High density gives better quality at the expense of a little more CPU consumption, by increasing the size
of the feedback network used to compute the reverberation.
Please note that this affects not only the sound quality of the reverberation, but can also change its character and tonal qualities somewhat, especially at certain settings, so, as always, you should let your ears be the judge as to which is best for a particular situation.
These buttons are part of a mini-mixer console for the reverberation engine where each channel is fed by one of the reverberation sections.
Here these standard mute and solos controls belong to the early reflection section channel.
They allow you to isolate it or temporarily suppress a section of the reverberation so you can exactly evaluate the influence
that this specific section has on the overall reverberation sound, for example when fine-tuning is required.
Same as above, acting on the cluster section of the reverberation engine.
Same as above, acting on the reverberation tail section of the reverberation engine.
The grey bar at the start of the reverberation pictogram represents the direct sound send at the input of the plug-in.

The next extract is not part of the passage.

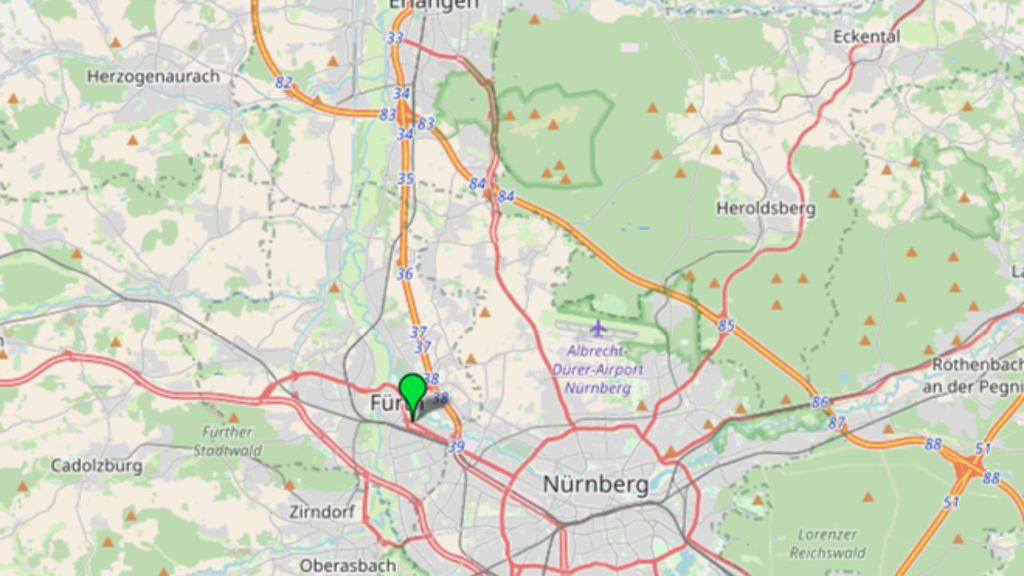 Die Immobilien liegt in Innenstadtnähe, am Rande des Stadtparks der Stadt Fürth.

In the time structure of the reverberation, it is the first element that is heard.
Overall representation of the early reflections distribution.
Vertical bars roughly indicate at what time locations (horizontally) and levels (bar height) these early reflections occur.
See 12.
Shows a graphical representation of the reverberation tail part of the engine. The decay curves of the high, mid and low
bands, which are controlled by the decay time settings, are superimposed in different colors and can rapidly be assessed
and checked.
Also see 12.
This parameter is a meta parameter that allow you to quickly perform an homogeneous set of parameters for the early
reflexions part (early + cluster). Theses part are particularly important to achieve the “room” feeling of the desired space.
It adjust the time structure of the whole reverberation (early-min, early-max, cluster-min, cluster-max, reverb-start). This is
a key control for quick settings, before a detailed fine tune with each parameters.
The time at which the latest part (diffuse part) of the reverberation section starts to be heard, in milliseconds. This is the delay between the dry signal and the beginning of the late reverberated signal. Please note that this setting does not affect the time characteristics of the early and cluster sections. It is however not possible to move the reverberation start time before the first early reflections.
Reverberation tail distribution controls the way in which reverberation tail ‘spikes’ are scattered in time.